### [DESCRIPTION OF THE TASK]
In the material below, find the line containing "Three-dimensional reconstructions based" and the line containing "Cotton Rich Flex-fit", then reproduce exactly both of them and every line between, and nothing else.

### [MATERIAL TO PROCESS]
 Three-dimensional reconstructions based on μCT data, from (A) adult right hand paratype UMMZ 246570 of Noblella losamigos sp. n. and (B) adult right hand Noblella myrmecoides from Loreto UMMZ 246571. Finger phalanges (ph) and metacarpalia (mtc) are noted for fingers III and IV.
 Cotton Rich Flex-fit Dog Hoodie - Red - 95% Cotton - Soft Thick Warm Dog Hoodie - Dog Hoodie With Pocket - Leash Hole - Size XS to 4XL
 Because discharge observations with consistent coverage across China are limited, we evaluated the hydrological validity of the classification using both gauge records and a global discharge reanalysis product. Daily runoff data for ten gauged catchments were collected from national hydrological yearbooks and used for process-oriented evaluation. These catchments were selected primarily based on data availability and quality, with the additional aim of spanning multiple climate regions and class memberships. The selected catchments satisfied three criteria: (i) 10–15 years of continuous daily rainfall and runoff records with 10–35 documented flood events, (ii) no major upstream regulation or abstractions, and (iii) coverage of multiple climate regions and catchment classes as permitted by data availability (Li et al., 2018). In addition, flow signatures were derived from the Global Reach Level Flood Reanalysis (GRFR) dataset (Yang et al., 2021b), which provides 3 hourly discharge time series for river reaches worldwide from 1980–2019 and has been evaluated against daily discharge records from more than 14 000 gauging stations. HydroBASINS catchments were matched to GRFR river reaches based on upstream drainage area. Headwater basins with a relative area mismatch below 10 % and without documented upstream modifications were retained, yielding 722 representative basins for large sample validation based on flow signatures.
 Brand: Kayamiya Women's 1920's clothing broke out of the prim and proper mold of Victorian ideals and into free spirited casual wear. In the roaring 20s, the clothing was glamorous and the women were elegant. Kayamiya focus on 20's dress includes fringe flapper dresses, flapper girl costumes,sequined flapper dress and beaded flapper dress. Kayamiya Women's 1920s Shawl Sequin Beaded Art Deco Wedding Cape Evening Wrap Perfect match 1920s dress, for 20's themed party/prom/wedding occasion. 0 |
---
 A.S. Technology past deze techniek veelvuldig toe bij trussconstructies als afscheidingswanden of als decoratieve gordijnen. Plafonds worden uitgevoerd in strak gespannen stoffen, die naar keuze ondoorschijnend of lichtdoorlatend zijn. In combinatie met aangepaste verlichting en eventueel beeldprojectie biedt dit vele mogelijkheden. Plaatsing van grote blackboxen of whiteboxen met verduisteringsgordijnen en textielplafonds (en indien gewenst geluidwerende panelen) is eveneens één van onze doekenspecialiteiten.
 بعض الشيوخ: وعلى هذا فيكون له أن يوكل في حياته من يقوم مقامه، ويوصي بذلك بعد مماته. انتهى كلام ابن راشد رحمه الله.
--
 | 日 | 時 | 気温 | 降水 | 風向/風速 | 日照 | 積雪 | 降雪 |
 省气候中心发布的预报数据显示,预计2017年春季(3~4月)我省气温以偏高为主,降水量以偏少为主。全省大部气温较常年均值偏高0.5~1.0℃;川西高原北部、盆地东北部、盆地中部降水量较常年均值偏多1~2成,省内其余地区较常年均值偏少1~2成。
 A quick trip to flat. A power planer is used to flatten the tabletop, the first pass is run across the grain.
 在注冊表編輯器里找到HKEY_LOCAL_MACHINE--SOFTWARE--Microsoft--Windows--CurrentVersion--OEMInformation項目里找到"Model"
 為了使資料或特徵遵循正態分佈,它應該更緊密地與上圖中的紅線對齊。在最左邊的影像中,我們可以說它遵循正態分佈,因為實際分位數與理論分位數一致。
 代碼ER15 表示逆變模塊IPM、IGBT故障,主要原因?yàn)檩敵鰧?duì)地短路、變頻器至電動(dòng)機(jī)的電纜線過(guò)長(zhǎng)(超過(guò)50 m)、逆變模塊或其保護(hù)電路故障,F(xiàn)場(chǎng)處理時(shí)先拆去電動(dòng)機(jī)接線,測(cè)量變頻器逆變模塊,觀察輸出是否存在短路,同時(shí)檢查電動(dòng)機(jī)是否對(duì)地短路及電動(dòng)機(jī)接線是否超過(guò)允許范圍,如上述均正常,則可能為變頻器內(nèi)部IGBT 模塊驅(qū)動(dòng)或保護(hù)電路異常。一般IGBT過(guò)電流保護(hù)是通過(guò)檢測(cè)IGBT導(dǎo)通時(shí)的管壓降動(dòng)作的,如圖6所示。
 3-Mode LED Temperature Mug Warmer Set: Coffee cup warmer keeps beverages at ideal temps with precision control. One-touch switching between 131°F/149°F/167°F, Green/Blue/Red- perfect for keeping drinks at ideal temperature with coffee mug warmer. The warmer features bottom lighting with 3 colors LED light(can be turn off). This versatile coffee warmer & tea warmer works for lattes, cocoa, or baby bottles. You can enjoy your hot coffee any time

### [EXPECTED ANSWER]
 Three-dimensional reconstructions based on μCT data, from (A) adult right hand paratype UMMZ 246570 of Noblella losamigos sp. n. and (B) adult right hand Noblella myrmecoides from Loreto UMMZ 246571. Finger phalanges (ph) and metacarpalia (mtc) are noted for fingers III and IV.
 Cotton Rich Flex-fit Dog Hoodie - Red - 95% Cotton - Soft Thick Warm Dog Hoodie - Dog Hoodie With Pocket - Leash Hole - Size XS to 4XL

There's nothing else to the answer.